The FDA has reported a voluntary nationwide recall of furosemide tablets, USP 40 mg, packaged in 1000-count bottles and labeled Rx only. The product was manufactured by Graviti Pharmaceuticals Pvt Ltd in Telangana, India, and distributed in the US by Rising Pharmaceuticals Inc of East Brunswick, New Jersey. The affected product carries NDC 64980-563-10 and includes 4212 bottles from lot FUB125042G, with an expiration date of May 13, 2027.
The recall has been assigned FDA Recall Number D-0293-2026 and classified as a Class II recall, indicating that use of or exposure to the product may cause temporary or medically reversible adverse health consequences, or where the probability of serious adverse health consequences is remote. According to the FDA Enforcement Report, the recall was firm-initiated and voluntary, with initial notification to consignees conducted via letter. The recall remains ongoing and affects product distributed nationwide across the US.

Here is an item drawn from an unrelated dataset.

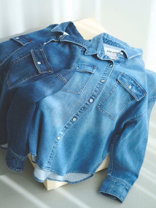 Healthy Denimの定番ビッグシャツをベースに、着丈や袖のバランスを調整。抜け感はそのままに、より着こなしやすいシルエットへとアップデート。パンツ同様に、やわらかな再生繊維をブレンドした特別なデニム素材を採用。

The reason for the recall is the presence of a foreign substance in the tablets, which raises potential safety and quality concerns for patients and health care providers. No press release has been issued for this recall. The event is tracked under FDA Event ID 98289, with the recall initiated on January 10, 2026, and officially classified by the FDA on January 21, 2026. Pharmacists are advised to review inventory promptly, quarantine affected stock, and follow firm instructions for return or disposal.
Furosemide is a loop diuretic indicated for the treatment of edema associated with congestive heart failure, hepatic disease, and renal disease, including nephrotic syndrome, and is also commonly used in the management of hypertension.